If I allow enqueue to be called, I get a segfault with the following stack trace:
[0x7f203d7340] + 0x375340
[0x7f7ae3e6c0]
[0x7f5c3a0984] + 0x2ac984
[0x7f5c3a0d48] + 0x2acd48
[0x7f5c2ad458] + 0x1b9458
[0x7f5c316298] + 0x222298
[0x7f5c2b367c] + 0x1bf67c
[0x7f5c2b4234] + 0x1c0234
[0x7f5c2b8388] + 0x1c4388
[0x7f5c295bf8] + 0x1a1bf8
[0x7f5c2963bc] + 0x1a23bc
[0x7f5c30f75c] cuEGLStreamConsumerAcquireFrame + 0x78
[0x7f5d15e080] + 0x32c080
[0x7f5cf6bd7c] + 0x139d7c
[0x7f5cf6c828] + 0x13a828
[0x7f5cf68850] + 0x136850
[0x7f5cf6934c] + 0x13734c
[0x7f5cf73674] + 0x141674
[0x7f5cf73ab4] dwSensorCamera_getImage + 0x40
or the following:
[31-1-2020 13:29:3] Driveworks exception thrown: DW_CUDA_ERROR: Call failed cuGraphicsResourceGetMappedEglFrame : unspecified launch failure
[ERROR] [1580506143.699987260]: Error occurred getting an image from the sensor frame: DW_CUDA_ERROR
[31-1-2020 13:29:3] Driveworks exception thrown: DW_BAD_CAST: dwImage_copyFormatConvert: images must be of the same type
[ERROR] [1580506143.700175778]: Unable to convert the captured image: DW_BAD_CAST
[31-1-2020 13:29:3] Driveworks exception thrown: DW_CUDA_ERROR: Call failed cuEGLStreamConsumerReleaseFrame : unspecified launch failure
what(): (cudaEventRecord(event.get(), stream)==cudaErrorLaunchFailure)
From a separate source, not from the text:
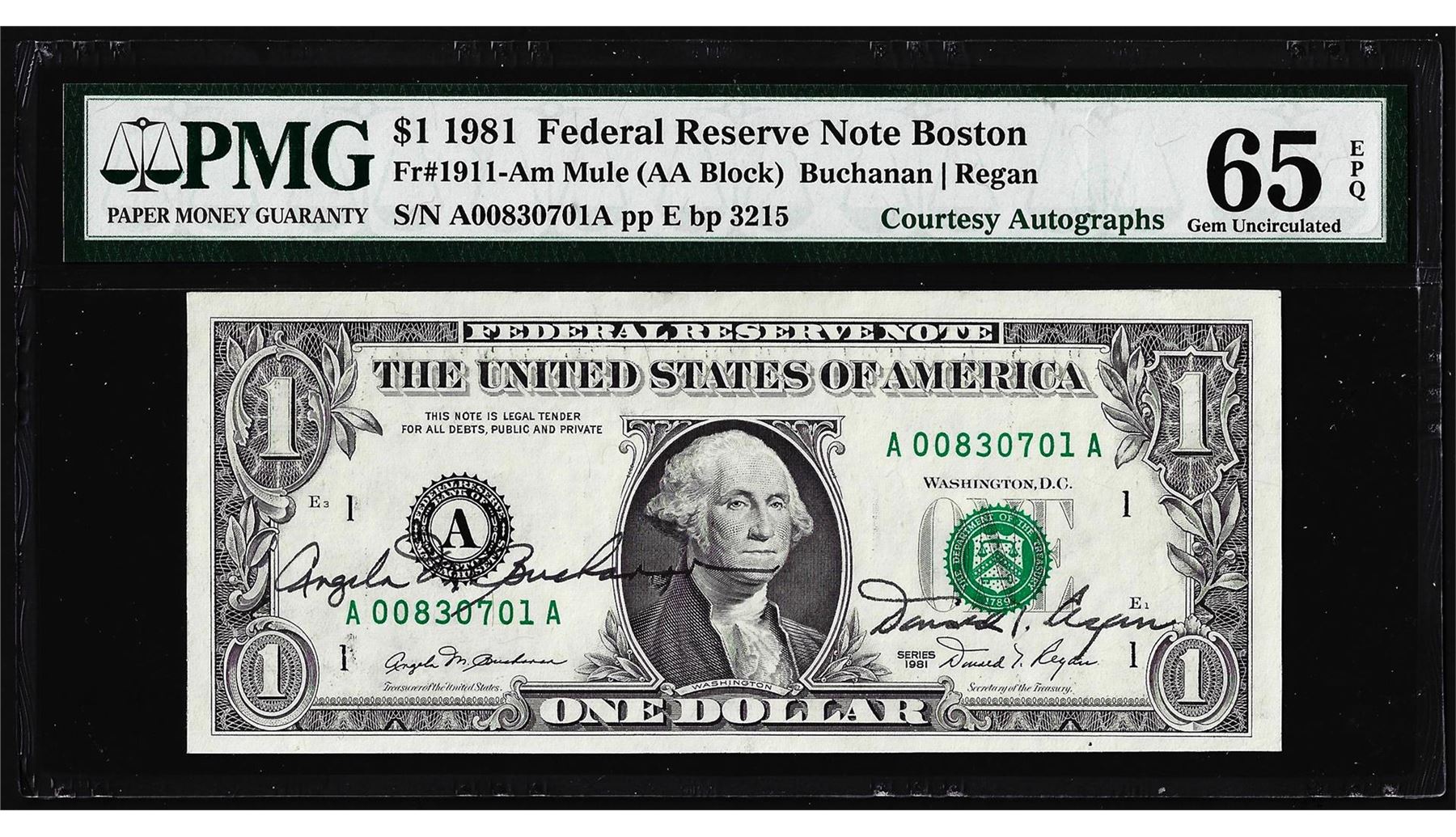 1981 $1 Federal Reserve Note PMG Gem Uncirculated 65EPQ Dual Courtesy Autographs
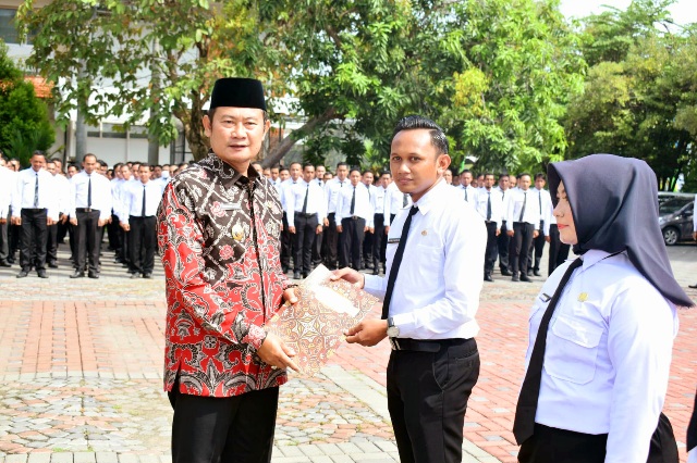 Apel dalam rangka penyerahan keputusan pengangkatan Pegawai Pemerintah dengan Perjanjian Kerja tenaga kesehatan digelar di halaman gedung Pemkab Lamongan. (Foto.dok: Bang IPUL / Tian)

or I get the following from the tensorrt thread:
Cuda error in file src/implicit_gemm.cu at line 1159: unspecified launch failure
Error at line 289: unspecified launch failure
customWinogradConvActLayer.cpp:237: virtual void nvinfer1::cudnn::WinogradConvActLayer::allocateResources(const nvinfer1::cudnn::CommonContext&): Assertion `convolutions.back().get()’ failed.
or this:
[0x7f38281ab4] + 0xa8ab4
[0x7f8d8246c0]
[0x7f3f45b984] + 0x2ac984
[0x7f3f45bd48] + 0x2acd48
[0x7f3f368458] + 0x1b9458
[0x7f3f478fe8] + 0x2c9fe8
[0x7f3f2967b0] + 0xe77b0
[0x7f3f296908] + 0xe7908
[0x7f3f29694c] + 0xe794c
[0x7f3f3c92a0] cuLaunchKernel + 0xb0
[0x7f8801bc0c] + 0xcc0c
I’ve tried the following variations with no observable difference:
GPU wrapping dwImageCUDA → tensorrt
GPU wrapping dwImageCUDA → user managed GPU → tensorrt
GPU wrapping dwImageCUDA → pinned CPU → tensorrt thread → GPU → tensorrt
CPU wrapping dwImageCPU → tensorrt thread → GPU → tensorrt
CPU wrapping dwImageNvMedia → tensorrt thread → GPU → tensosrt
Software versions:
driveworks: v.1.2.400-drive-linux-5.0.10.3
cudnn: 7_7.1.2.23-1+cuda9.2
nvinfer: 4.1.1-1+cuda9.2
Edit
The original code that I’m replacing did the following:
dwSensorCamera_readFrame
dwSensorCamera_getImage(&image, DW_CAMERA_OUTPUT_NATIVE_PROCESSED, …)
dwImage_copyConvert(buffer_handle, image, m_context);
//push onto queue for a conversion thread
// on conversion thread
dwImage_getNvMedia
NvMediaImageLock
// wrap surface and copy into pageable host memory
NvMediaImageUnlock
// push host memory image to tensorrt thread
// upload to GPU, preprocess, and infer.